I’m due a post on events for the rest of term and plans for the vac in detail but now I’ve got back home and I’m at my desk I thought I’d write a few thoughts down. Right now I’m waiting for my e-mail to sync up to my desktop, after syncing all my files and configs and doing a system upgrade. It’ll be interesting to see if I have X after a reboot, or indeed a window manager, since I found this one on a different one on arrival which is disconcerting when I had my laptop and desktop on at the same time; the new one’s installation process is a pain so I don’t know if much will be working after a reboot. I’ve had the odd experience of looking over at my shelf of stuff and not really caring about most of it. All the reading backlogs and bits and pieces don’t seem very important because the philosophical works I have with me are more important (more on this later too — the real world (i.e. current affairs and popular intellectualism) just doesn’t seem important to me at all anymore, which is probably a bit worrying). This is one thing I will try and bring out soon: my enthusiasm for and commitment to Philosophy has gone through the roof in the past three weeks or so (though my ability to do it is still greatly hampered by the ongoing adversary I have described at length before). All I care about (materially!) is the stuff I’ve brought with me: the data on my laptop, the paper in my folders and the piles of books. This is a nice feeling and an encouraging one.

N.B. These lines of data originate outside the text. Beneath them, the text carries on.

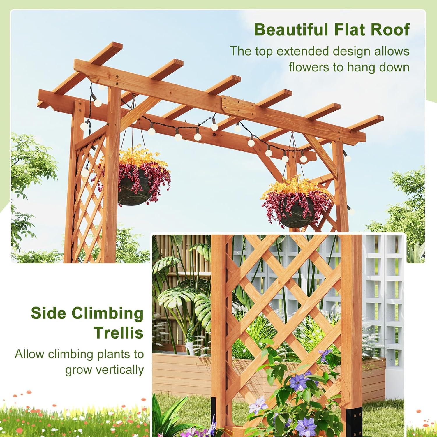 [Spacious Climbing Area]: Designed with lattice side panels, this wooden arbor provides sturdy support for a variety of climbing plants, such as roses, vines, morning glories, and clematis. The arched top features an extended design, allowing plants to grow and cascade beautifully, adding elegance and charm to your outdoor space.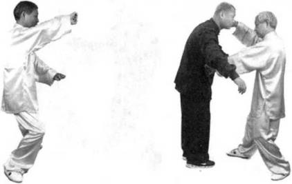 时右掌向右脚尖方向平行推出。(图411)(图411)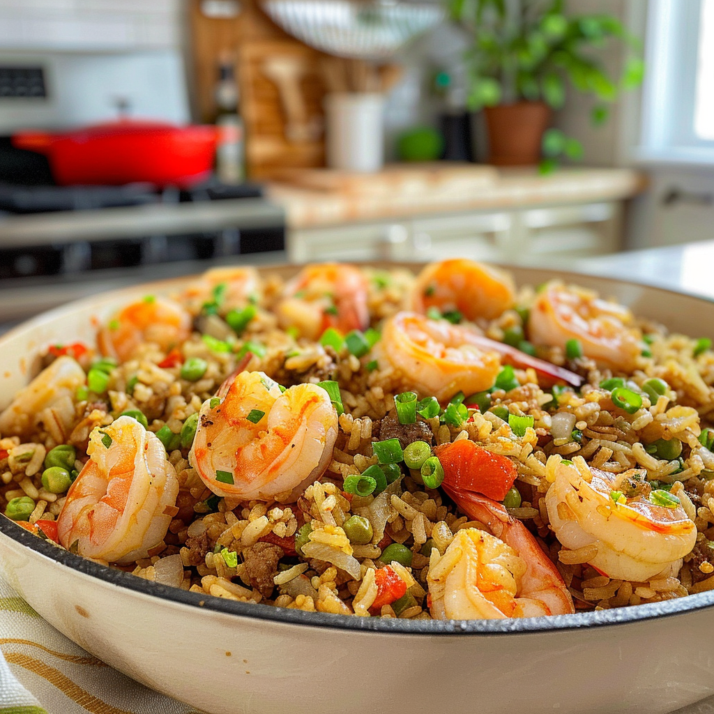 Start by sautéing the vegetables to build flavor before adding the rice and shrimp. Cook shrimp until just pink, ensuring they stay juicy and tender.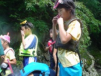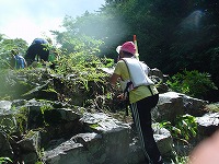 | みんな、ながされるなよぉ〜 | 川を渡ると、今度は足のつかないところ!泳いでいくしかありません。 | 岩場も登って、ウォータースライダーができるところまで、自分で進みます。 | ||||||||||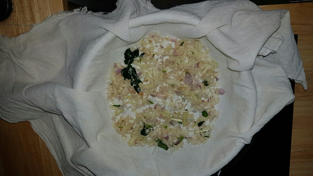 Gemüse / Gewürze in der Moulinette zerkleinern und unten rein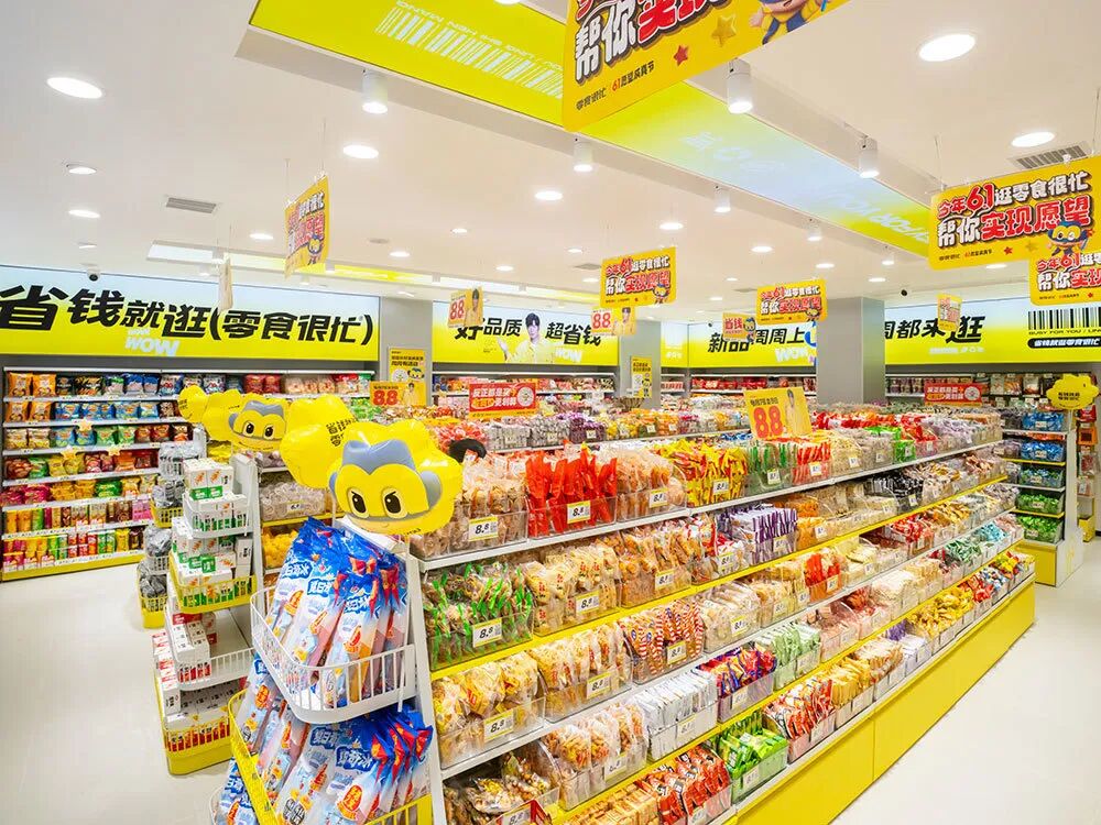 量贩零食赛道增长空间有限,鸣鸣很忙与万辰集团均将目光投向全品类折扣超市,试图复制低价模式。2025年2月,鸣鸣很忙推出3.0店型,新增百货日化、文具潮玩、烘焙、生鲜等品类,并开设“赵一鸣省钱超市”;万辰集团也于2024年12月推出多款超市门店,拓展品类范围。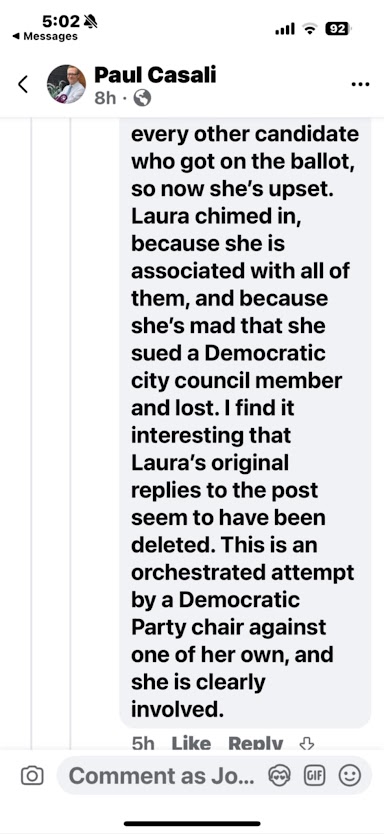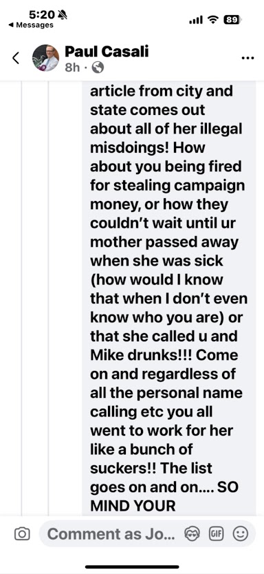 One of the loudest voices? Paul Casali, a minor Democratic figure and failed operative, has repeatedly gone on tirades accusing Luthmann of being “mentally ill,” “dangerous,” and “a convicted felon who went to prison for fraud and extortion.”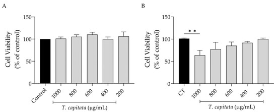 Effect of T. capitata extract on RAW 264.7 macrophages (A) and NIH/3T3 fibroblasts (B). Results show the mean ± standard error of the mean (SEM) of at least three independent experiments. Black bars represent untreated cells. Gray bars represent extract-treated cells. ** p < 0.01 after ANOVA followed by Dunnett’s multiple comparison test.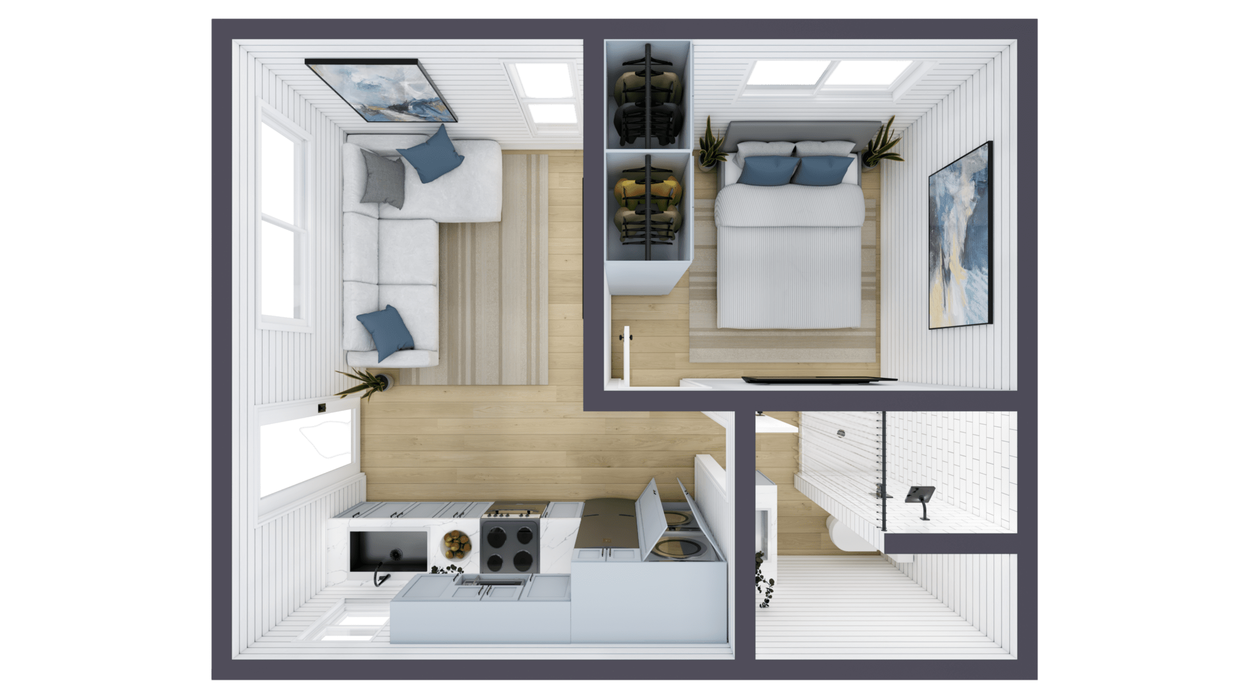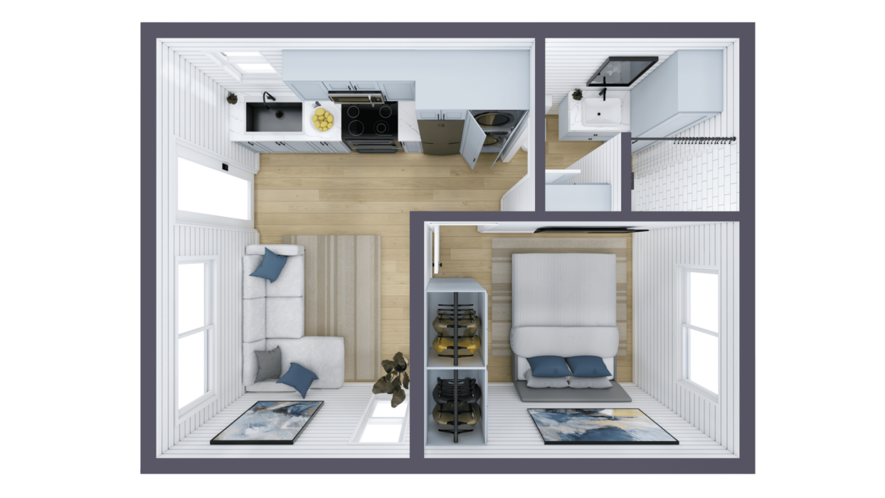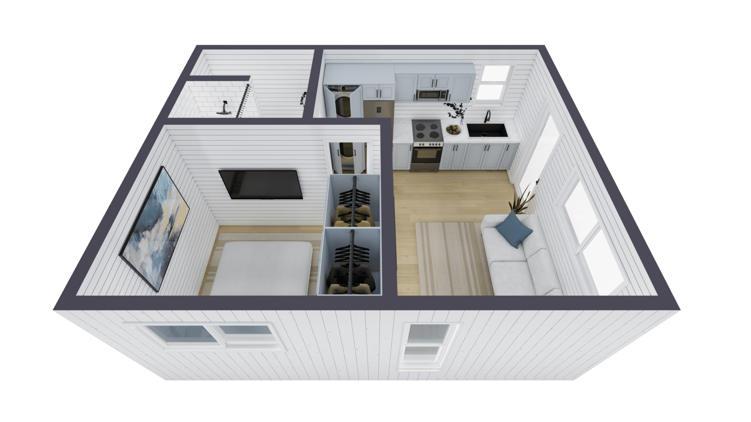 The Happy Twogether floor plan is the perfect blend of style, efficiency, and sustainable living in a minimalist shipping container house design. Ideal for singles and couples, this small house maximizes space and functionality with an open-living area, nice storage solutions, and an abundance of natural light. Explore the endless possibilities of this one bedroom shipping container home within two 20-foot containers.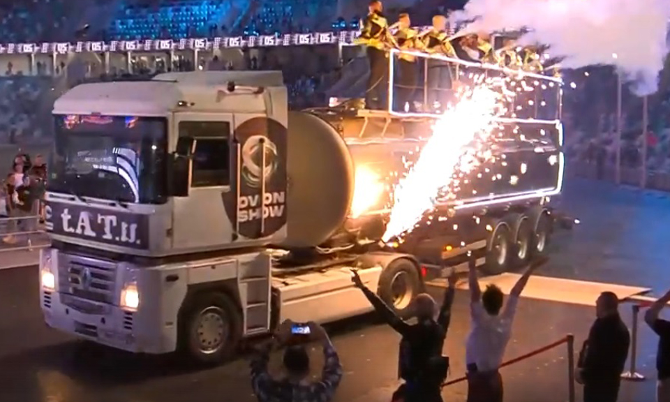 Во время своего сета Елена Катина и Юлия Волкова исполнили не так много песен, как хотелось бы фанатам – «All The Things She Said», «Не верь, не бойся, не проси» и «Нас не догонят». Но их шоу было ярким, а выехали девочки на стадион на бензовозе, прямо как в том самом клипе. Артистки были немногословны, поприветствовали публику в начале и попрощались в финале последней песни. А вот почитателям творчества «Тату» есть, что сказать.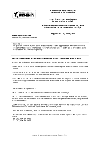 Le présent rapport a pour objet de soumettre à votre approbation différents dossiers de demandes d’aides financières départementales dans le cadre de la protection et la valorisation du patrimoine protégé.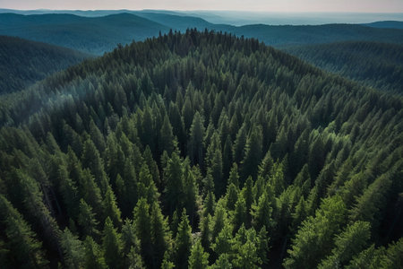 An overhead view reveals a dense forest, dominated by evergreen trees in various shades of green. The composition highlights the texture of the foliage and its layered arrangement. The style suggests a natural environment suitable for environmental concepts or background use, conveying a sense of serenity.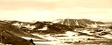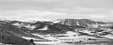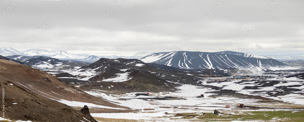 mountain landscape with snow covered mountains with the crater of Hverfjall, Lake Mývatn, Iceland

Tomorrow I’m taking the day off to finish unpacking and to clear my organisational backlogs so that everything is clear and ready to go before me for the next five and a half weeks (time in France and time in Oxford after that before full term starts a whopping eight weeks away) and the nice thing is that I know that I will get it done. I’ll make a quick list when I get up of the various backlogs that I am to clear, get them cleared and then I will feel legitimately free for the rest of the day. Perhaps I’ll write on here. I’ll try to get my diary filled in (got four days-worth of rough notes that lose meaning every hour I delay writing them up). And on Tuesday one of the hardest tasks I have ever faced will be before me, as I will write about properly. But this evening I am contented. I am concerned about how much I have to motivate myself to do, and I am guilty that during my insane 8th week of many conflicting academic and social pressures I have neglected my contact with people I care about; I’ve got to try to fix this, but it’s okay for now. Because I’ve got Blame’s Essential Mix on and Nu:Tone’s Balaclava is incoming, and I feel the challenges I face are solidifying into things I can hack at, and I’m starting to really believe my frequently proferred views of what’s important in how I am to spend my life.
Come on offlineimap…
I like reading your blog at 200% zoom.
That is all.
This imported comment should say posted 16:46 on 21st March 2011.